WHAT TO DO: Below are the records; repeat exactly their lines between the line holding "こちらは、軽い素材とゴムを使用した,長さ調節可能なストラップとなっております。" and the line holding "手绘水墨健身肌肉猛男插画", inclusive, skipping the pictures.

TASK DATA:
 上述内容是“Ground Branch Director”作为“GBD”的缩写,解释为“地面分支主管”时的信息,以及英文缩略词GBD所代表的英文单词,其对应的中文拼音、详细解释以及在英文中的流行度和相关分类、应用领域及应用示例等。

---

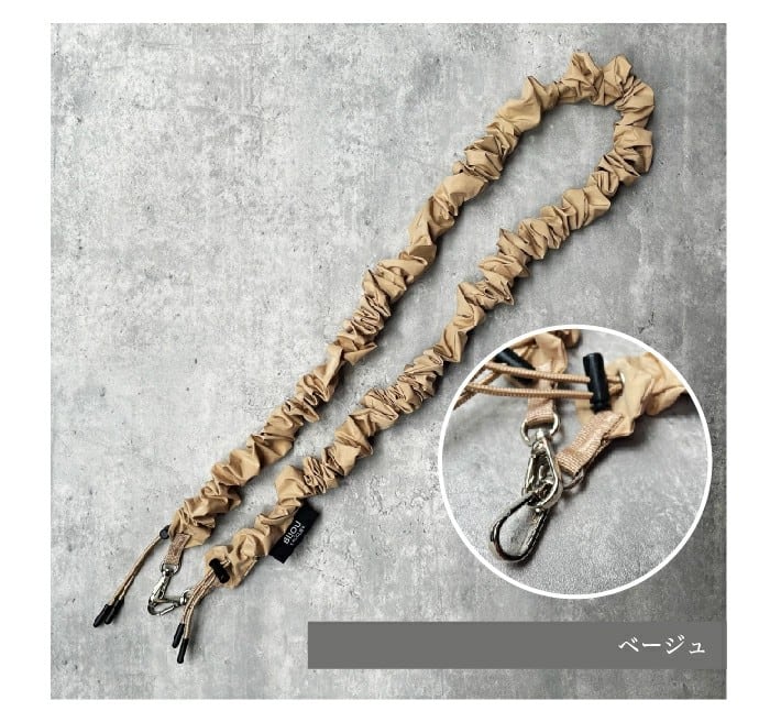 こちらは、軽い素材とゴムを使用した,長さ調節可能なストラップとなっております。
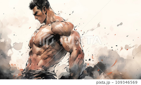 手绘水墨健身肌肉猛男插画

ANSWER SECTION:
 こちらは、軽い素材とゴムを使用した,長さ調節可能なストラップとなっております。
 手绘水墨健身肌肉猛男插画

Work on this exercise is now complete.